By Doug Gibson
Ever heard of Larry Semon? That's all right. He's not nearly as popular as his peers. He was a silent movie comic. His physical comedy and sad sack face made him very popular in one- and two-reelers, but his character had a tough time creating pathos with viewers. He needed to be seen in small doses.
Semon had ambition, though, and in the mid 1920s he worked with the son of the late L. Frank Baum, to bring Baum's Wizard of Oz series to the big screen. The 1925 film (versions range from 72 to 81 minutes) is a curio. A huge flop at the box office -- it more or less ruined Semon's career -- it is nevertheless fascinating. It's a so-bad-it's-interesting ego trip from a star who desperately needed a director other than himself.
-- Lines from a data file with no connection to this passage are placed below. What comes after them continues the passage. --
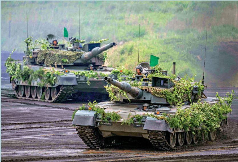
◀日本自衛隊今年5月在靜岡縣進行實彈演習。
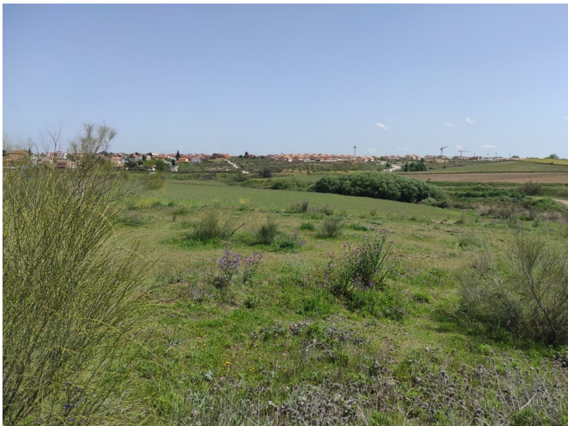
Parcela de ubicación del apoyo T-052, y al fondo la urb Coto del Zagal de Carranque

Este documento es copia original firmado. Se han ocultado datos personales en aplicación de la normativa vigente
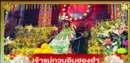
เจ้าแม่กวนอิมสองฮา

เที่ยว 2 เมือง ขึ้นไปมุกเกาะฮ่องกง เที่ยวจุฬาสวนสนุกและอควาเรียมที่ใหญ่ที่สุดในเอเชีย

Still, there are moments -- particularly at the beginning of the film -- that feature talented slapstick comedy. Yet, in this film are Semon, of course, big fat slapstick veteran Frank Alexander, a very young Oliver Hardy and Semon's very pretty wife, Dorothy Dwan.
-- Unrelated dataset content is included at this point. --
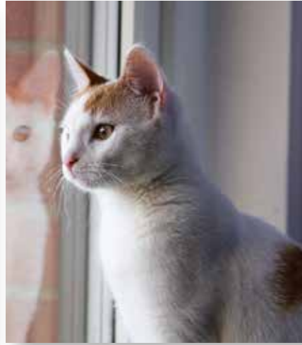
Ob Katzen auch ihren Geruchssinn zur Zeiterfassung benutzen, ist bis dato nicht erforscht.

und Linda Keeling haben festgestellt, dass Hunde – je nach Dauer der Abwesenheit des Besitzers – bei dessen Rückkehr ein anderes Verhalten an den Tag legen. Die Studie zeigte klar, dass die Hunde nach zwei Stunden etwa viel mehr mit dem Schwanz wedelten und das Gesicht der Probanden ableckten als nach 30 Minuten.
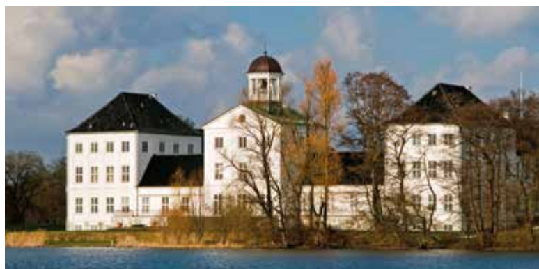
Het Gråsten Slot is de zomerresidentie van de Deense koninklijke familie.

The film meanders on coherently while the characters are in Kansas. It's cliche-ridden, but there are talented, physical slapstick gags with Semon, Hardy and Alexander. There's a funny bit with bees, and another with a swing. But once the main characters are blown to Oz in a shack it loses all sense. The first nonsensical twist is having Aunt Em -- who is in the wind-guided shack -- disappear when they arrive. It gets worse: Semon turns into the Scarecrow, Hardy the Tin Man and Bell the cowardly lion, but they really aren't these characters. They are disguises. Alexander briefly turns into a good guy, then reverts to being a bad guy. Incomprehensibly, Hardy's Tin Man turns bad too.